··· Dataset excerpts ···

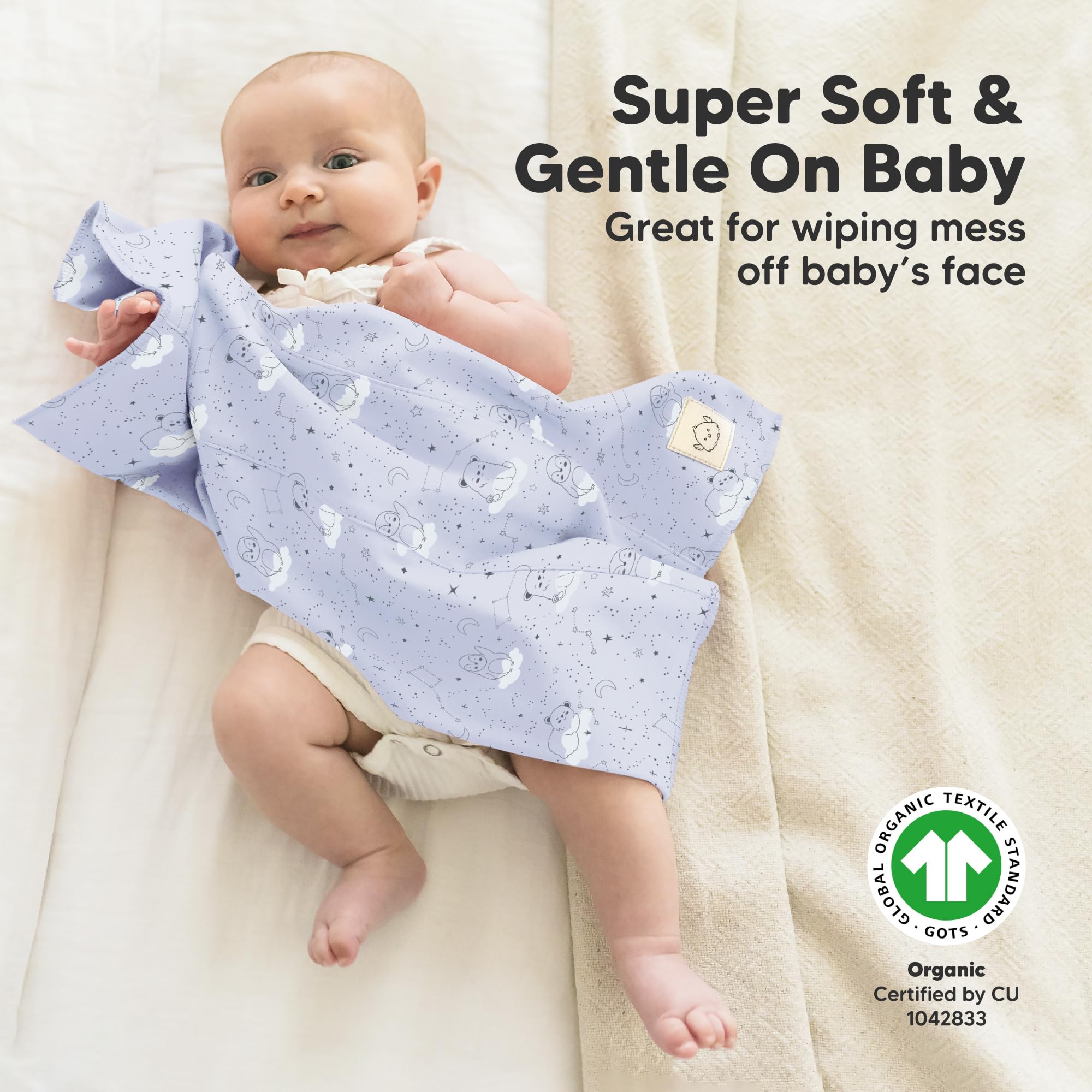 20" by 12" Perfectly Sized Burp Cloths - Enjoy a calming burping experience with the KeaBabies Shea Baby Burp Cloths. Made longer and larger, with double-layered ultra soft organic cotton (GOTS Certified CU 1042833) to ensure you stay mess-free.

···
··· Dataset excerpts ···

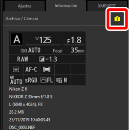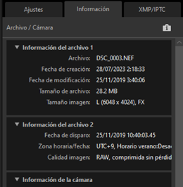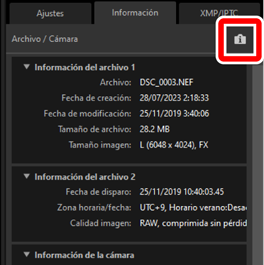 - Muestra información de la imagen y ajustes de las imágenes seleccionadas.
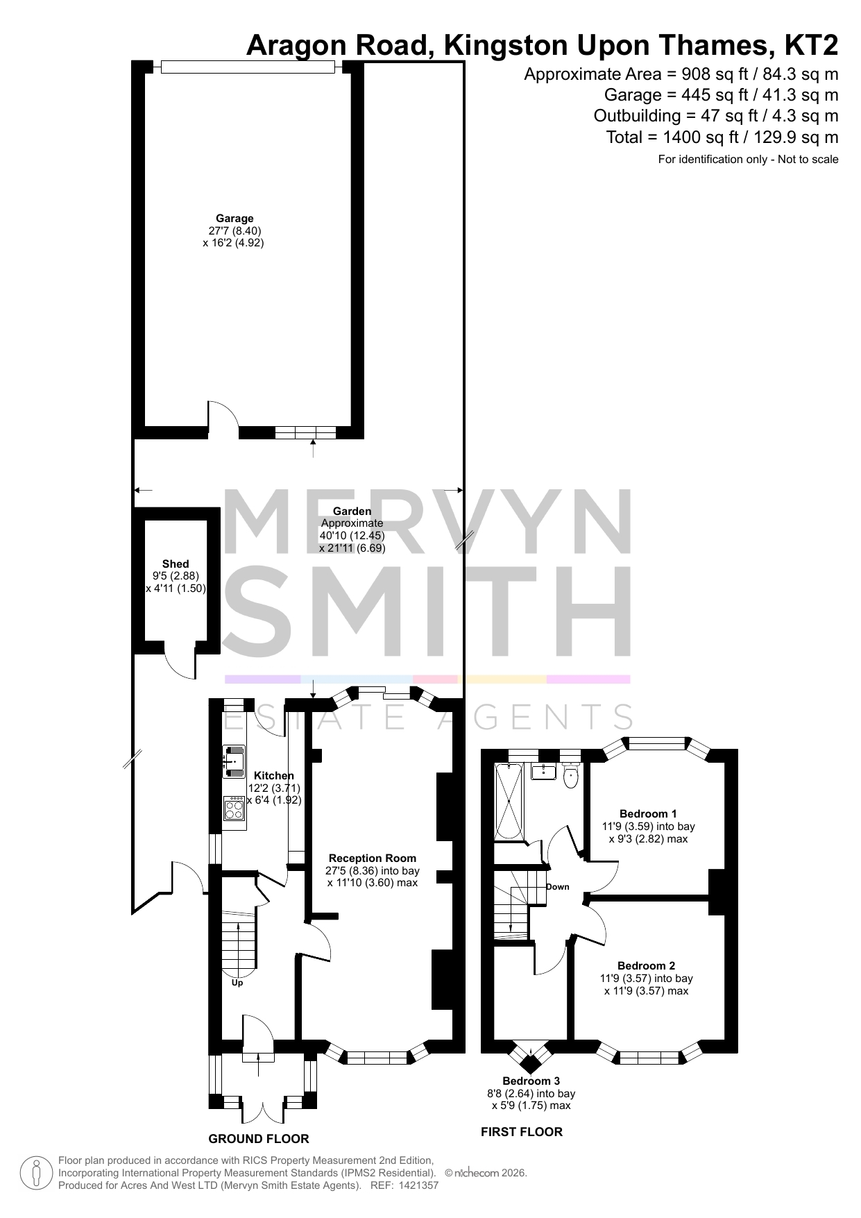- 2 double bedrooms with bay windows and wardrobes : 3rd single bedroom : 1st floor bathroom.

···

# Assignment:
Every line from the one with "- Muestra información" through the one with "- 2 double bedrooms" is to be reproduced exactly as written above, and the pictures are to be dropped.

# Response for this exercise:
 - Muestra información de la imagen y ajustes de las imágenes seleccionadas.
- 2 double bedrooms with bay windows and wardrobes : 3rd single bedroom : 1st floor bathroom.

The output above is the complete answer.